Andrzej Panufnik
Polish composer and conductor Andrzej Panufnik (1914-1991) was born in Warsaw at the start of the First World War to an engineer-cum-violinmaker and violinist. He studied percussion and composition at the Warsaw Conservatory, graduating with distinction in 1936, and was thereafter called up for National Service. He failed the medical and instead travelled to Vienna to study conducting with Felix Weingartner. Whilst there he studied the Second Viennese School and composed music for film. An anti-Nazi, Panufnik cut his studies short when Germany annexed Austria and returned to Poland where he formed a piano duo with Witold Lutosławksi. The pair performed in cafes, raising money for Resistance workers and Jewish artists and composing resistance songs. During this time Panufnik wrote his Symphonies Nos. 1 and 2, his Heroic Overture and Tragic Overture (later titled Sinfonia Elegiaca), which contained musical representations of falling bombs, aeroplanes and machine guns, and which, according to the composer, ended with “an agonising wail of despair.” Unfortunately the majority of Panukfnik’s scores, including the Tragic Overture, were lost during the Warsaw uprising in 1944.
After the war Panufnik settled in Kraków and was later made musical director of the Warsaw Philharmonic, where he recreated many of his compositions, including Tragic Overture, from memory. Frustrated with socialist realism, Panufnik fled Poland in 1954 for England where he spoke about the creative control exerted by the government on Eastern bloc composers. The Katyń Epitaph was written in 1967 (revised in 1969) as a memorial to the 15,000 Polish prisoners of war murdered by the Soviets in 1940 in the Katyń Forest. Panufnik wrote that he felt it his duty to write a tribute to these victims, as socialist realism had prevented any memorial to the victims in Poland.
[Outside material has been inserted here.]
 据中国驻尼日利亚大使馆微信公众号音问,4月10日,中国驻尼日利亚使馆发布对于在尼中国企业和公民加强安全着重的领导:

The composer described his seven-minute orchestral composition in the following way:
It was in Nazi-occupied Warsaw in 1943 I heard the shattering news that in Katyń Forest in Russia many thousands of defenceless Polish prisoners-of-war had been brutally murdered, their hands tied behind their backs, shot one by one, a revolver fired into the nape of their necks at the brink of their mass grave which they had been forced to dig for themselves. At the time the Germans pronounced that this massacre was committed by the Russians, while the Russians insisted that it was a Nazi crime. After so many years, long after all possible other major war criminals had been found and punished, I felt haunted by the spectre of that massacre at Katyń, which remained still unspoken of and officially unresolved in spite of numerous documents and other indications of Russian guilt. I composed Katyń Epitaph to express my personal sorrow that the Western civilised nations have allowed this crime to remain forgotten, and I dedicated this piece to the memory of the 15,000 Polish patriots who were slaughtered while completely defenceless, and who had committed no other crime than to wish to defend their own country.
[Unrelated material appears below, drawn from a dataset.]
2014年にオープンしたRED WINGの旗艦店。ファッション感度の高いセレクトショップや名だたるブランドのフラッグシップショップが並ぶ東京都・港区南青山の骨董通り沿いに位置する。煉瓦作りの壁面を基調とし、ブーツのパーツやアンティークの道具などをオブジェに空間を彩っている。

This Epitaph has a most simple structure: after an introduction by the solo violin a long passage is played by the woodwinds; in the second half of the piece, the soloists of the string orchestra start a gradual crescendo building up to the tutti fortissimo. The whole piece is a continuous thread made out of a 3-note cell - just two intervals: a major and a minor second.
Sources
Boyesławska, B. (2015) The Life and Works of Andrzej Panufkin (1914-1991) (UK: Ashgate)
Jacobson, B. (1996) A Polish Renaissance (London: Phaidon Press Ltd.)
Panufnik, A. (1987) Composing Myself (Great Britain: Methuen London Ltd.)
‘Katyń Epitaph’ (n.d.) Panufnik Website. Retrieved from [www.panufnik.polmic.pl.com] 8/1/2015.